Had a mare of a day yesterday (Thursday), although it wasn't as bad as it could have been, and I managed to get back to Waterloo OK, despite the impending strike by tube workers, and some bus staff! The main event being the picking-up of a lovely lot of loot from Peter Evans.
 
I had a better Saturday last, attending the BMSS show in Reading, where among other things I picked up the above ephemera, all relatively useful, especially the colour facsimile of a Lineol catalogue. I may already have some of it, particularly the Corgi checklist/customer leaflet, but if so, it'll make a useful spare to swap for something!
 
The Hausser farm and zoo flyer is an original, and there's some German language stuff which seems to be either a dealers lists, or trade orders of some kind, and which may or may not have future use. The V&A monograph is a bit of fun for the library, and a picture of a diner from Route 66 heralds a parcel from Brian, which I'll hopefully post in the next few days, while Steve Vickers gave me both his cards!
 
Two Elastolin facsimiles got left out of the other shot, and I won two items on the raffle this year, the Land Rover kit has no figures (shock horror!), so I may just make them up 'as is', and photograph them against future Land Rover posts, in their neutral . . . gray - I just (a while ago) remembered I had to go to the bank, so shot off, forgetting I'd been doing this, then thought I'd go for a walk, it's a nice day, or it was, it's dark now! And actually wrote 'neutral' about ten hours ago!
 

As well as show plunder, which needs photographing, and the box from Mr Burke, which has been shot, I also picked up a big lot from Chris, which also needs photographing, but I have sorted it, and there are some interesting bits winging their way to these pages!
 
When I was on Faceplant, I'd thank Chris when a parcel arrived, with the Collected Paratroopers image, a few days or a week or so before they got posted here, but, as I'm not on Faceplant at the moment, here it is! The red one is actually a stand-alone figure from Processed Plastics, but he made the line-up neater, and was needed in the flyboy zone!
 
And while I'd happily draw a veil over yesterday's shenanigans, as I said, I did manage to get to Peter's and pick up a collected bunch of donations and car-booty, which is also in the queue to be photographed, along with some charity shop stuff I picked-up this afternoon, next to the bank!
 
Given that I haven't cleared any of the stuff I was intending to clear, back in January, because I've had a month off, like a lazy fuck, there's no shortage of stuff to post, and I fear the capsule-toy mini-season may join the HO railway outstanding's in the never-never section of the short queue! We'll see, what will be, will be!
 
The next event will be the London Toy Soldier Show, on the 9th of May, with a Sandown the next weekend (16th of May), so it's lucky PW has moved to June really!

Thursday, April 23, 2026

D is for Der's Morrr!

Is this a third, or fourth return? The sample which was, once, two duplicate spacemen, keeps growing!
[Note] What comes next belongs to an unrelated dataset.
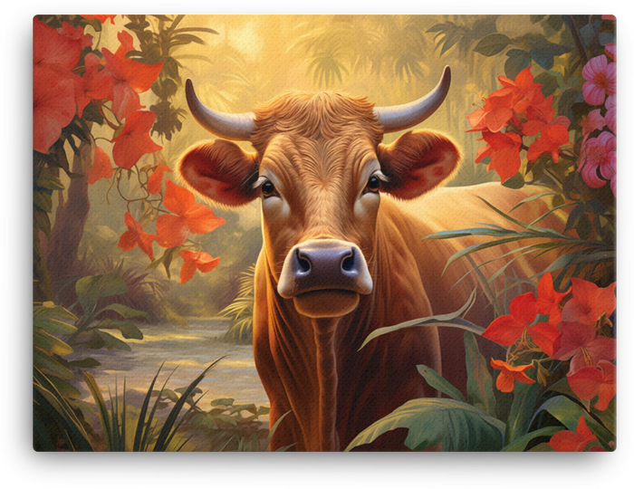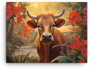 Step into a Tropical Twilight with a playful cow silhouette that turns any wall into a bright, whimsical landscape. This canvas wall art blends tropical hues with a cheeky bovine twist for bold statement decor.

At the recent Sandown Park show, Isaac gave me a tin of stuff for free (the rest will be in the eventual show report!) as part of a deal on some other figures, and he did so, I think, partly because I got most excited about what was, probably, to him, the nastiest thing in there, but Loyal Readers know me by now, and what I was excited about was this beauty;
 
It's another of the HF, jumping, hollow-backed, novelty takes on the Lik Be (that's LB of course) robot/aliens, which makes three now, along with the spaceman, who has appeared as the same ray-pistol equipped 'officer', but in different colours, which means the answer to one of my earlier questions; there may be up to, or more than six sculpts so pirated, but maybe only the one spaceman?
 
Earlier finds/donations were still get-at-able, so here's a group shot, remember the blue one only still exists due to the vast quantity of baking powder and superglue I shoved in his cavity! Added to this is the Surrender robot in another colour and the pink and red spacemen! Eight examples in four poses.